_Exercise goal_:
Only certain lines below are wanted: those starting at the line containing "Macalester students harvesting" and ending at the line containing "Một trong những", both included, each retyped exactly.

_Records to use_:
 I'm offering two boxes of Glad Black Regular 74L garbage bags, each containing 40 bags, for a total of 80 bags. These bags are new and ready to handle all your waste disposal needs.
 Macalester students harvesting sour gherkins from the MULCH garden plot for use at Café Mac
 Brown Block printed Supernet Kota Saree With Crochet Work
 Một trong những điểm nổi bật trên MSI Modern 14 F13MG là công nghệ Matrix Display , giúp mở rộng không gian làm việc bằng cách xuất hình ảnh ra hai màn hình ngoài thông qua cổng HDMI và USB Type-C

* * *

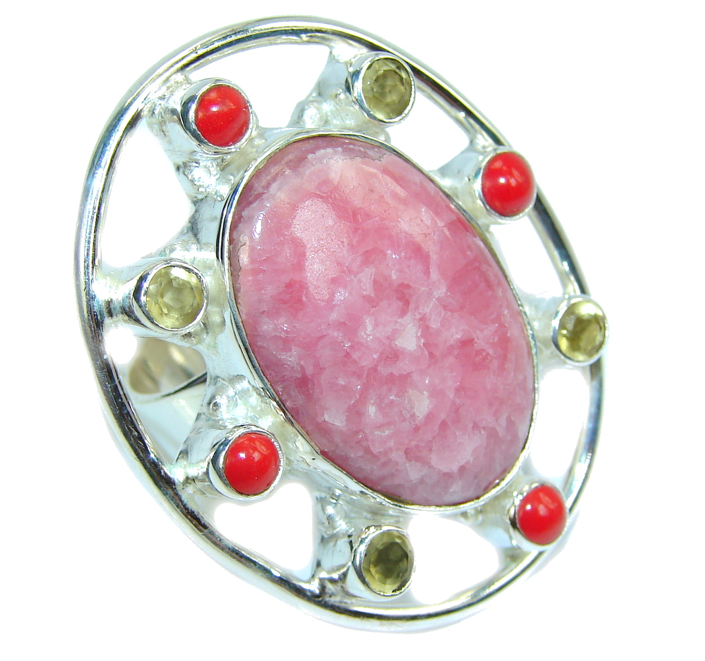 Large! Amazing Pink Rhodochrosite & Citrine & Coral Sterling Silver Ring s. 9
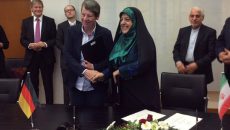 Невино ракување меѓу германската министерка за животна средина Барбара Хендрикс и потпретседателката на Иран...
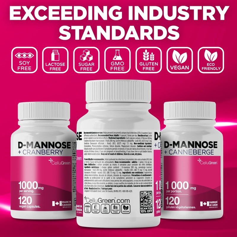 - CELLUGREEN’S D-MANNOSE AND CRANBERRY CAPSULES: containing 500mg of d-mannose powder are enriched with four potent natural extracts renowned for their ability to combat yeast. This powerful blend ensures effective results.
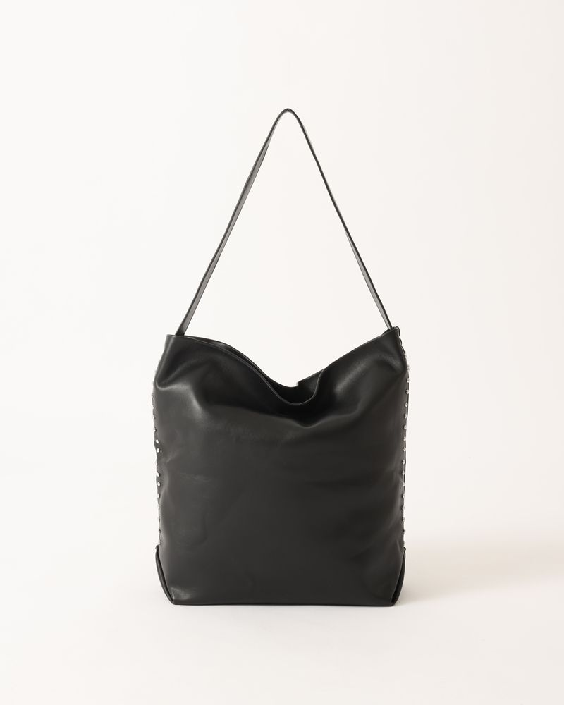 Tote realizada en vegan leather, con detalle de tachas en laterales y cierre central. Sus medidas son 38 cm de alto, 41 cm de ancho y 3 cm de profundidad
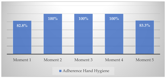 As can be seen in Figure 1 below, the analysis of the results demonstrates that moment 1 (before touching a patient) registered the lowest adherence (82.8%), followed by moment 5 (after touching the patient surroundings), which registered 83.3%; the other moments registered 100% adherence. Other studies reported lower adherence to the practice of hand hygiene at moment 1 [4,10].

_Answer section_:
 Macalester students harvesting sour gherkins from the MULCH garden plot for use at Café Mac
 Brown Block printed Supernet Kota Saree With Crochet Work
 Một trong những điểm nổi bật trên MSI Modern 14 F13MG là công nghệ Matrix Display , giúp mở rộng không gian làm việc bằng cách xuất hình ảnh ra hai màn hình ngoài thông qua cổng HDMI và USB Type-C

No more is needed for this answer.